30 Things About My Invisible Illness You May Not Know

  1. The illness I live with is: Pelvic Congestion Syndrome, Fibromyalgia, ME/CFS, plus several other conditions (asthma, osteopenia, allergies, etc)
  2. I was diagnosed with it in the year: 2013 (asthma and allergies since early childhood)
  3. But I had symptoms since: my whole life
  4. The biggest adjustment I’ve had to make is: redefining what success means to me and what I can realistically achieve in any set time period.
  5. Most people assume: That pain and fatigue is ‘normal’ and that it is manageable.
  6. The hardest part about mornings are: Getting Started…
  7. My favorite medical TV show is: This varies a lot but at the moment, One Born Every Minute
  8. A gadget I couldn’t live without is: My food processor… it makes making meals easier
  9. The hardest part about nights are: The pain
  10. Each day I take pills & vitamins. (No comments, please) – this is likely to go up again soon thanks to the low bone density.
  11. Regarding alternative treatments I: consider all options and try out anything that seems reasonable
  12. If I had to choose between an invisible illness or visible I would choose: This is difficult, but I think I’d say stick with what I know…
  13. Regarding working and career: I don’t know what is happening anymore… everything’s been on hold for well over a year now and I haven’t really made much improvement recently.
  14. People would be surprised to know:  I’m not depressed! I’ve managed to keep a positive frame of mind the majority of the time.
  15. The hardest thing to accept about my new reality has been: The uncertainty. 
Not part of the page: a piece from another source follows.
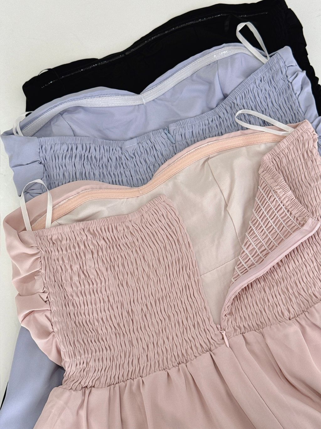 Features: Premium chiffon cotton material , ruffle tube dress design , stretchy back , comfy texture , come with anti slip band , back zipper .

  16. Something I never thought I could do with my illness that I did was: Raise $,7500 to publish the Foggy Frog picture book (still in progress).
  17. The commercials about my illness: I haven’t seen any for the main ones.
  18. Something I really miss doing since I was diagnosed is: Walks/Hikes with my husband.
  19. It was really hard to have to give up: Control. I never know what I’m going to be like and I can’t do everything I’d like to any more. My ‘ideal’ timelines for things like starting a family and major holidays have all gone out the window.
  20. A new hobby I have taken up since my diagnosis is: Blogging and sewing
  21. If I could have one day of feeling normal again I would: Go on a hike with my husband and have a lovely dinner out.
  22. My illness has taught me: To listen to my body and be more assertive with what I need/want.
  23. Want to know a secret? One thing people say that gets under my skin is: Everyone gets tired/sore
  24. But I love it when people: Visit me at home for games/a meal.
  25. My favorite motto, scripture, quote that gets me through tough times is:

26. When someone is diagnosed I’d like to tell them: Listen to your body and do what is best for you. 
27. Something that has surprised me about living with an illness is: I’m able to cope with much more pain and exhaustion than I thought was physically possible.
28. The nicest thing someone did for me when I wasn’t feeling well was: Make me breakfast in bed and gave me permission to just rest.
29. I’m involved with Invisible Illness Week because: I feel it is important to raise awareness of what people actually go through. These illnesses aren’t really well understood in the general public and this is an important first step in creating a more understanding community.
30. The fact that you read this list makes me feel: Grateful. You have taken the time to try and understand a bit better what it is I go through on a day to day basis.